Wait, was this post about my enormous cheeks or my enormous nose? 

     On three separate occasions in the past two days, Ben began to panic as he was falling asleep. The first time I was exhausted from feeding him, so I leaned down and put my cheek to his. Almost instantly his body relaxed, his breathing slowed and the crying stopped.
     Physical contact with his mommy's face was all my baby needed. Those chubby cheeks that embarrassed me as a kid were now comforting the chubby cheeks of my perfect little boy. Cheeks that looked just like mine.

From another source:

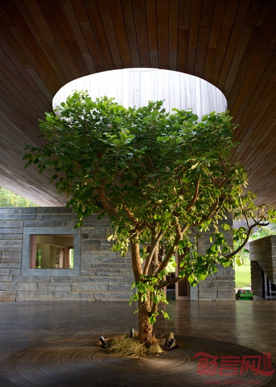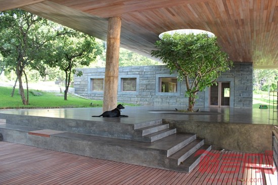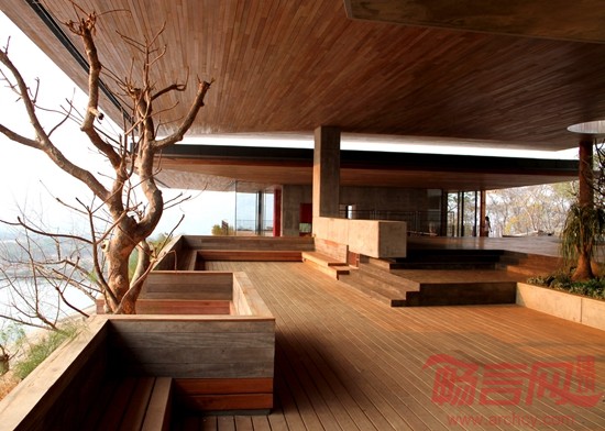 房子建筑面积为1500平方米,房子夹在三层混凝土板之间,混凝土板由模板包覆,房子整体就像一个三明治一样。凸出的屋顶还能为主会客空间遮挡强日光照射。
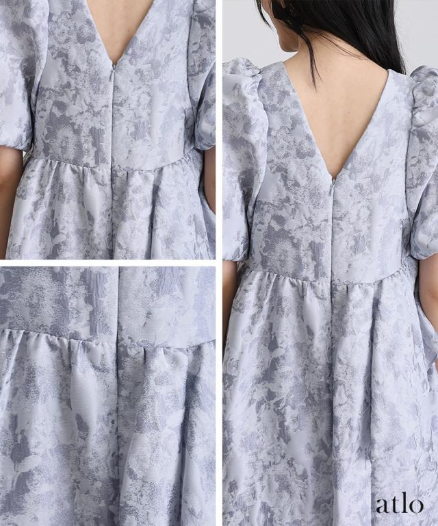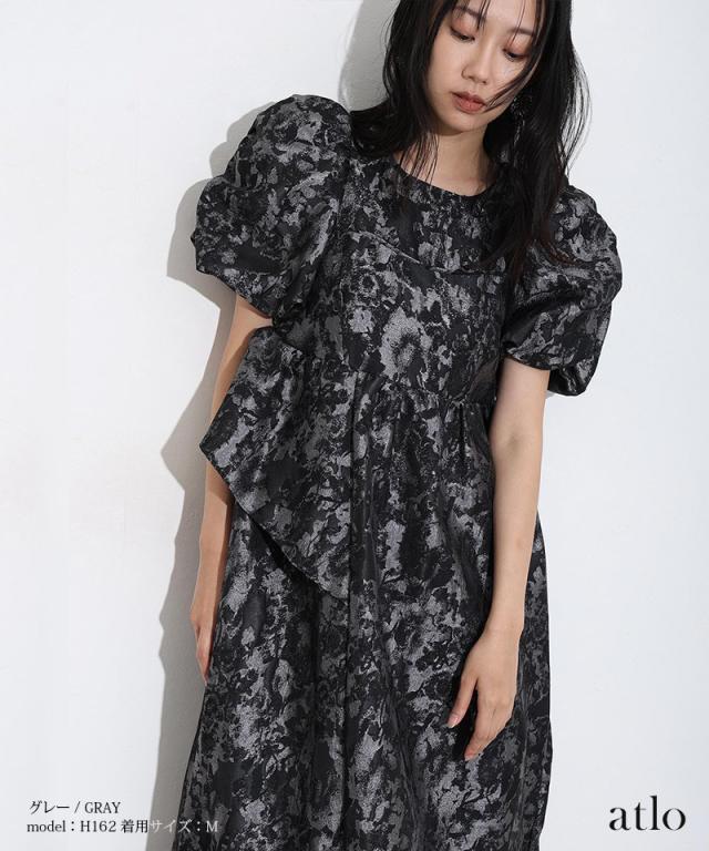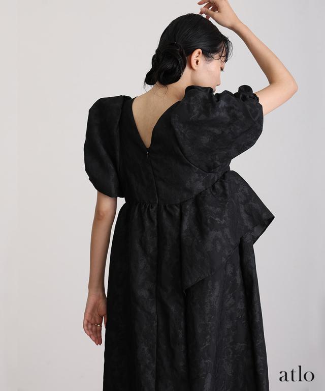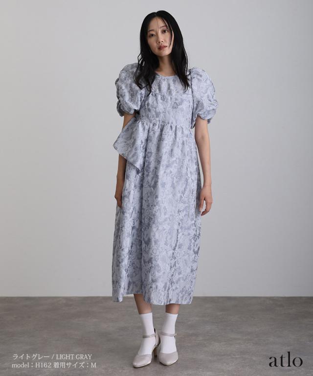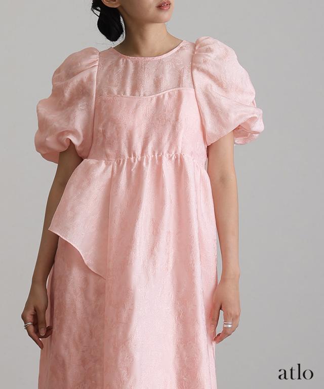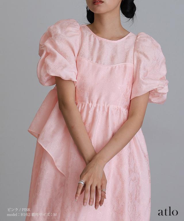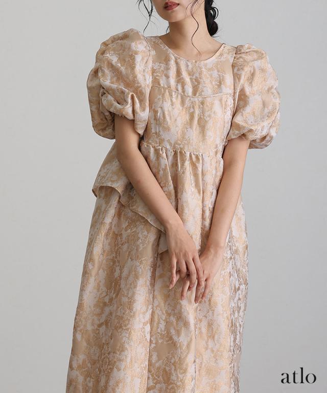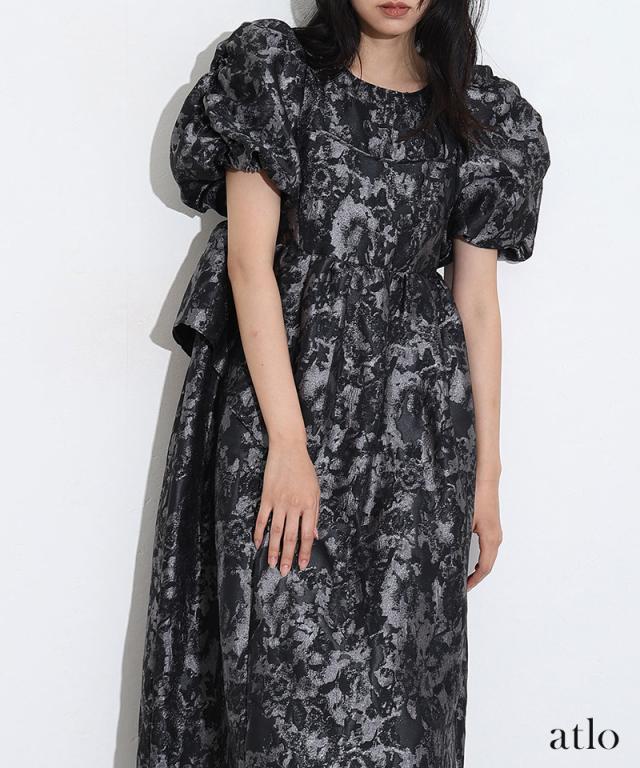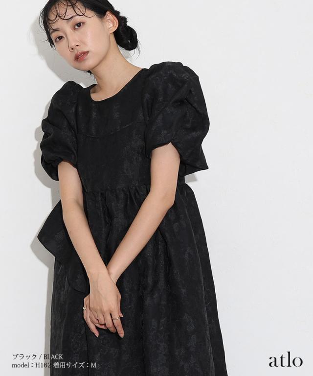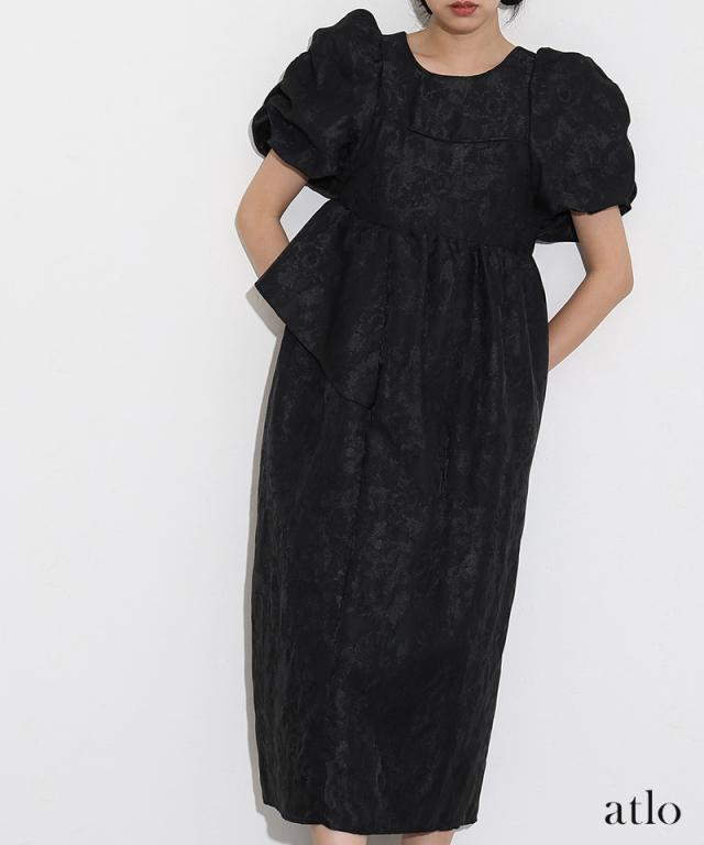 バブルスリーブジャガードドレス【483251878】10代・20代・30代・40代・50代・ドレスワンピ・フォーマルワンピ・パンツドレス・服装・ワンピース・ドレスカジュアル・ブランド・七分袖・長袖・ロング・膝丈・薄手・厚手・無地・刺繍・脚長効果・伸縮性・キレイめ・着やせ・体型カバー・スタイルアップ・レース・リボン・ドレープ・小さいサイズ・3Lや4L・かっこいい・かわいい・即日発送・送料無料・結婚式・婚活・披露宴・顔合わせ・発表会・演奏会・二次会・同窓会・お呼ばれ・食事会・謝恩会・親族・七五三・お宮参り・冠婚葬祭・弔事・女子会・韓国・デート・入学式・卒業式・入園式・卒園式・ママ・ピアノ・マタニティー・セレモニー・セレブ・パーティー

It's amazing that the human touch can be so powerful. Maybe I am supermom after all!

Monday, March 24, 2014

Day 20


     I always thought I had "the look" down pat. When students misbehave, I just give them "the look" and they get it together. If my husband starts making fun of me or gets on my case, I just raise my eyebrows and he backs off.
     Tonight I inadvertently took a picture of myself giving "the look" toward Jim as he had a conversation with his brother. It turns out people weren't backing off because of my serious expression.
     Apparently they were shocked by my ability to age 10 years in just a few seconds.

Well at least you can't see my crow's feet. 

     Wow. I had no idea my face did this. To be fair I'm on my 4th or 5th sleepless night (I've lost count at this point) and I had done some demo makeup on my face for the play tonight and didn't wash it off very well. But no matter what, the truth is that I am getting older.
     I never thought much about my skin aging because I wear sunscreen and take care of myself. Plus, I still get occasional adult acne and old people don't get acne! I guess I'm going to have to confront this. Do I start to seriously invest in the anti-aging skin care products or do I take my lines for what they are- signs of a life well lived?
     I don't know that I can definitively answer this question, but my gut response is that my lines are beautiful because they are real and they reflect my experiences. I wouldn't be doing myself any favors by erasing the evidence of the passage of time.

This is my face. This is me. This is honest. This is beautiful.